What you are asked to do:
Each entry needs to be reproduced exactly, with none left out.
- Opening Delimiter -
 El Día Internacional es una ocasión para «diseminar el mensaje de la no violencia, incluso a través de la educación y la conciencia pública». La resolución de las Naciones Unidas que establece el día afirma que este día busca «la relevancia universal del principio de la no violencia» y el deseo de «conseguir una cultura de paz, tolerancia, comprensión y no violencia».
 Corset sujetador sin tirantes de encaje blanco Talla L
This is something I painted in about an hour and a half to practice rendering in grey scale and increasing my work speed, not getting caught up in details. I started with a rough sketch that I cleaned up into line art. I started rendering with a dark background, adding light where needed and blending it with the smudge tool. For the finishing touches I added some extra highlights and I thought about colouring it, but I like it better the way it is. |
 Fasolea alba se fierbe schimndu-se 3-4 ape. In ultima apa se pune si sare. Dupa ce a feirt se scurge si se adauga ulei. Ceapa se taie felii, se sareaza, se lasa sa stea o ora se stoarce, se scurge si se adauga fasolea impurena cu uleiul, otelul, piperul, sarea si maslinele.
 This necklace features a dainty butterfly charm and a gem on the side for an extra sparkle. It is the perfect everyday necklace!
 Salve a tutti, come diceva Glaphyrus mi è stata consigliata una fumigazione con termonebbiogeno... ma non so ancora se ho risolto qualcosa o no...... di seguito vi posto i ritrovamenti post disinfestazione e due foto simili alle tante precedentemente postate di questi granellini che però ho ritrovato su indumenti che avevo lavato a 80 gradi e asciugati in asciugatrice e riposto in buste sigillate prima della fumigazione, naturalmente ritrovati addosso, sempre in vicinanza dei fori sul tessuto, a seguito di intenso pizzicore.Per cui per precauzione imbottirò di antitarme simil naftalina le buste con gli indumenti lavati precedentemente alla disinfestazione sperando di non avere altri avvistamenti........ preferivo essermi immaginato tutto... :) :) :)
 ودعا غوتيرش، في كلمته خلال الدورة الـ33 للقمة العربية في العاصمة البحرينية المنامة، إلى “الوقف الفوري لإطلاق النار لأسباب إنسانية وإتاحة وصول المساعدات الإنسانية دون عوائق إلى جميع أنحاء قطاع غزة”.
- Closing Delimiter -
Your solution:
 El Día Internacional es una ocasión para «diseminar el mensaje de la no violencia, incluso a través de la educación y la conciencia pública». La resolución de las Naciones Unidas que establece el día afirma que este día busca «la relevancia universal del principio de la no violencia» y el deseo de «conseguir una cultura de paz, tolerancia, comprensión y no violencia».
 Corset sujetador sin tirantes de encaje blanco Talla L
This is something I painted in about an hour and a half to practice rendering in grey scale and increasing my work speed, not getting caught up in details. I started with a rough sketch that I cleaned up into line art. I started rendering with a dark background, adding light where needed and blending it with the smudge tool. For the finishing touches I added some extra highlights and I thought about colouring it, but I like it better the way it is. |
 Fasolea alba se fierbe schimndu-se 3-4 ape. In ultima apa se pune si sare. Dupa ce a feirt se scurge si se adauga ulei. Ceapa se taie felii, se sareaza, se lasa sa stea o ora se stoarce, se scurge si se adauga fasolea impurena cu uleiul, otelul, piperul, sarea si maslinele.
 This necklace features a dainty butterfly charm and a gem on the side for an extra sparkle. It is the perfect everyday necklace!
 Salve a tutti, come diceva Glaphyrus mi è stata consigliata una fumigazione con termonebbiogeno... ma non so ancora se ho risolto qualcosa o no...... di seguito vi posto i ritrovamenti post disinfestazione e due foto simili alle tante precedentemente postate di questi granellini che però ho ritrovato su indumenti che avevo lavato a 80 gradi e asciugati in asciugatrice e riposto in buste sigillate prima della fumigazione, naturalmente ritrovati addosso, sempre in vicinanza dei fori sul tessuto, a seguito di intenso pizzicore.Per cui per precauzione imbottirò di antitarme simil naftalina le buste con gli indumenti lavati precedentemente alla disinfestazione sperando di non avere altri avvistamenti........ preferivo essermi immaginato tutto... :) :) :)
 ودعا غوتيرش، في كلمته خلال الدورة الـ33 للقمة العربية في العاصمة البحرينية المنامة، إلى “الوقف الفوري لإطلاق النار لأسباب إنسانية وإتاحة وصول المساعدات الإنسانية دون عوائق إلى جميع أنحاء قطاع غزة”.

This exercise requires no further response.